▶ **THE INPUT**
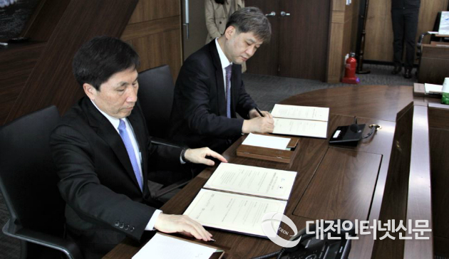 세종시 장만희 시민안전국장과 서장원 대전지방기상청장이 업무협약서에 서명하고 있다. [사진-대전인터넷신문]
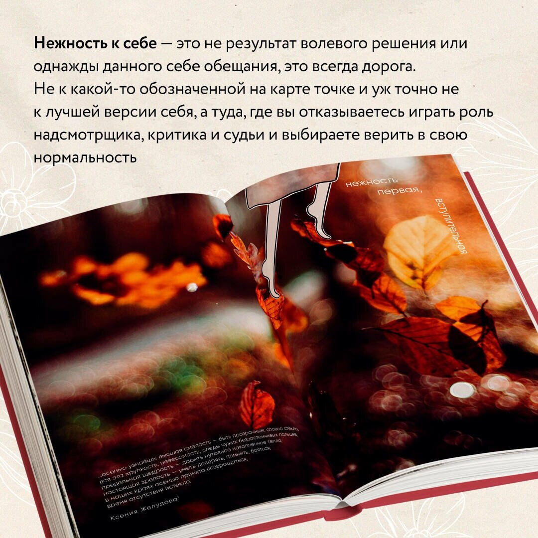 Автор книги Ольга Примаченко - психолог, журналист, экс-главный редактор Lady.Tut и автор блога Gnezdo - говорит с читателем о важном: о принятии своих чувств, желаний и тела, о расставлении приоритетов и границ, о создании питательного пространства вокруг себя, а также об экологичном взаимодействии с миром и людьми. В конце книги читателя ждет 31-дневная практика нежности к себе.
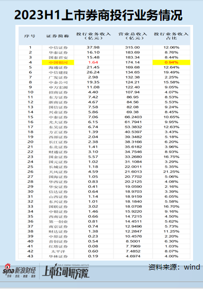 今年上半年,广发证券投行业务收入占总营收的比值为0.94%,在43家上市券商中排名垫底,显著低于头部券商中信证券的12.06%、华泰证券的8.76%、国泰君安的8.44%、海通证券的12.64%、中信建投的19.49%、中金公司的15.58%。
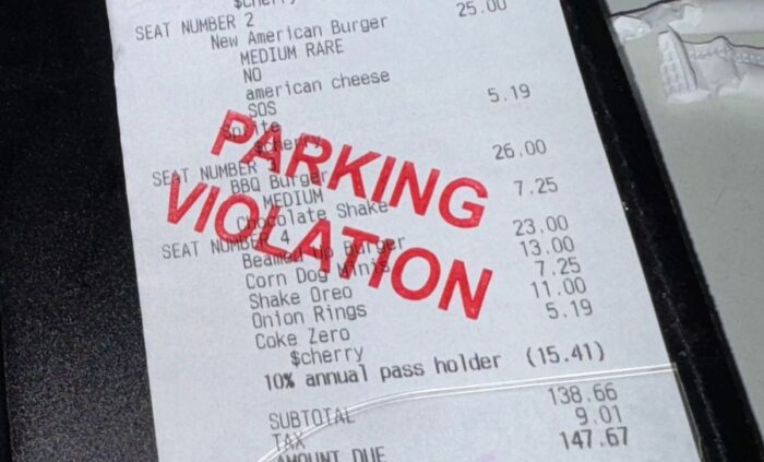 Let’s talk seating. There are some small, round, picnic-style tables at the rear, and a few regular “face-to-face” tables for larger parties. But the vast majority of the seating is in the “cars”, two across in rows. This is definitely a barrier to conversation, and if you have multiple small children who need help with their food, it could be a challenge that would make the picnic tables a better option for you. Our party was two adults and two teens, and we were happy to relegate them to the backseat. 😉
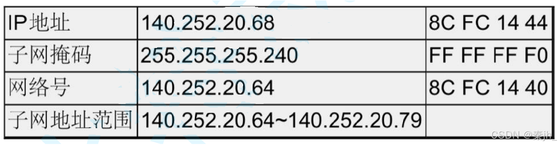 IP 地址和子网掩码还有一种更简洁的表示方法,例如 140.252.20.68/24,表示IP地址为140.252.20.68, 子网掩码的高 24 位是 1,也就是 255.255.255.0
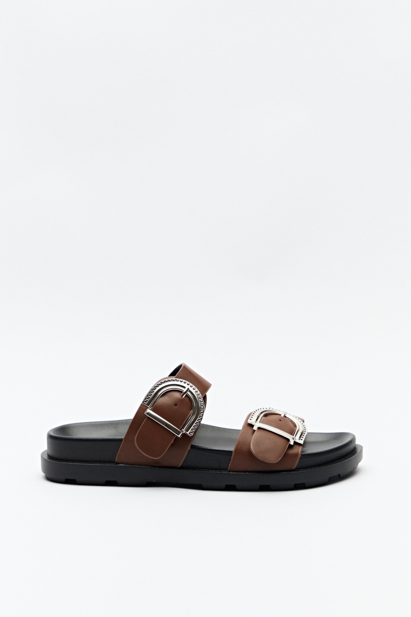 Sandalia tipo slide con doble tira ancha y hebillas metálicas XL con diseño texturado. Su base ergonómica y liviana garantiza comodidad, mientras que los herrajes aportan un toque moderno y distintivo. Ideal para looks casuales que buscan sumar estilo sin perder confort.
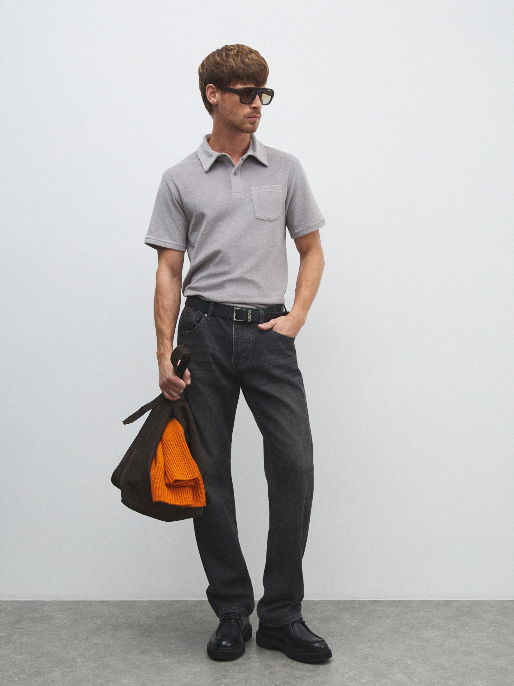 Мужское поло MAISON DAVID 4506555, бежевато-серый

▶ **REQUIREMENT**
The reply should repeat the listing above exactly and contain no pictures.

▶ **RESULT OF THIS TASK**
 세종시 장만희 시민안전국장과 서장원 대전지방기상청장이 업무협약서에 서명하고 있다. [사진-대전인터넷신문]
 Автор книги Ольга Примаченко - психолог, журналист, экс-главный редактор Lady.Tut и автор блога Gnezdo - говорит с читателем о важном: о принятии своих чувств, желаний и тела, о расставлении приоритетов и границ, о создании питательного пространства вокруг себя, а также об экологичном взаимодействии с миром и людьми. В конце книги читателя ждет 31-дневная практика нежности к себе.
 今年上半年,广发证券投行业务收入占总营收的比值为0.94%,在43家上市券商中排名垫底,显著低于头部券商中信证券的12.06%、华泰证券的8.76%、国泰君安的8.44%、海通证券的12.64%、中信建投的19.49%、中金公司的15.58%。
 Let’s talk seating. There are some small, round, picnic-style tables at the rear, and a few regular “face-to-face” tables for larger parties. But the vast majority of the seating is in the “cars”, two across in rows. This is definitely a barrier to conversation, and if you have multiple small children who need help with their food, it could be a challenge that would make the picnic tables a better option for you. Our party was two adults and two teens, and we were happy to relegate them to the backseat. 😉
 IP 地址和子网掩码还有一种更简洁的表示方法,例如 140.252.20.68/24,表示IP地址为140.252.20.68, 子网掩码的高 24 位是 1,也就是 255.255.255.0
 Sandalia tipo slide con doble tira ancha y hebillas metálicas XL con diseño texturado. Su base ergonómica y liviana garantiza comodidad, mientras que los herrajes aportan un toque moderno y distintivo. Ideal para looks casuales que buscan sumar estilo sin perder confort.
 Мужское поло MAISON DAVID 4506555, бежевато-серый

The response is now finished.